Cosine similarity is a measure of similarity between two vectors. In cytometry we use if for measuring similarity of the signal produced by two fluorochromes across all detectors.
Cosine similarity is based on the cosine of the angle between two vectors in n-dimensional space. Imagine a two-dimensional example, in which the x and y coordinate are the signal from two detectors. If two fluorochromes produce the same relative expression pattern, the angle will be the same. It follows that the cosine similarity does not depend on the magnitudes of the vectors, but only on their angle. It is calculated by taking the dot product of the vectors divided by the product of their lengths.
In cytometry, CSM values will vary from 0 to 1 with 1 indicating identical intensities across all detectors.

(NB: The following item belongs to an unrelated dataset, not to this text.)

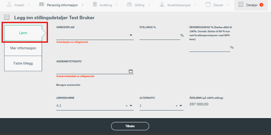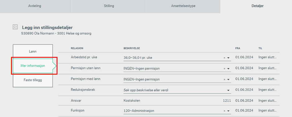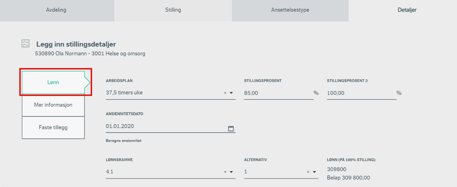 Under detaljer skal du legge inn stillingsdetaljene på ressursen. I sidemenyen finner man tre steg man må gjennom; Lønn, Mer informasjon og Faste tillegg.

For the purposes of designing a panel, lower is better and the threshold for ‘usable’ is in the vicinity of 0.9 depending greatly on many experimental design considerations. The CSM is usually visualized in a table with each fluorochrome listed on both axes, and the diagonal representing a fluorochrome compared to itself.
In FlowJo 10.9.0 and later, a cosine similarity matrix is created when a compensation matrix is calculated in the compensation wizard. From the Compensation Wizard, the CSM can be visualized and/or exported from the CSM button as shown below.
As of FlowJo 10.10 it is also available through the spectral plots tool, available from the Options dropdown as shown below:
In the context of flow cytometry, a CSM can be calculated from single color compensation controls, providing a pairwise comparison of the similarity between emission spectra of all fluorochromes employed in a staining panel. This information can be used in the panel design process to inform on the degree of similarity between fluorochromes. High cosine similarity scores (closer to 1) between fluorochrome pairs generally indicate higher compensation values and increased spillover spreading will occur between those two fluorochromes if used in the same staining panel, and these combinations may want to be avoided. Employing fluorochrome combinations that have low cosine similarity scores (closer to 0) will generally produce better results with lower compensation values and lower spillover spreading, yielding increased sensitivity to detect low expressing antigens within populations that co-express that pair of fluorochromes.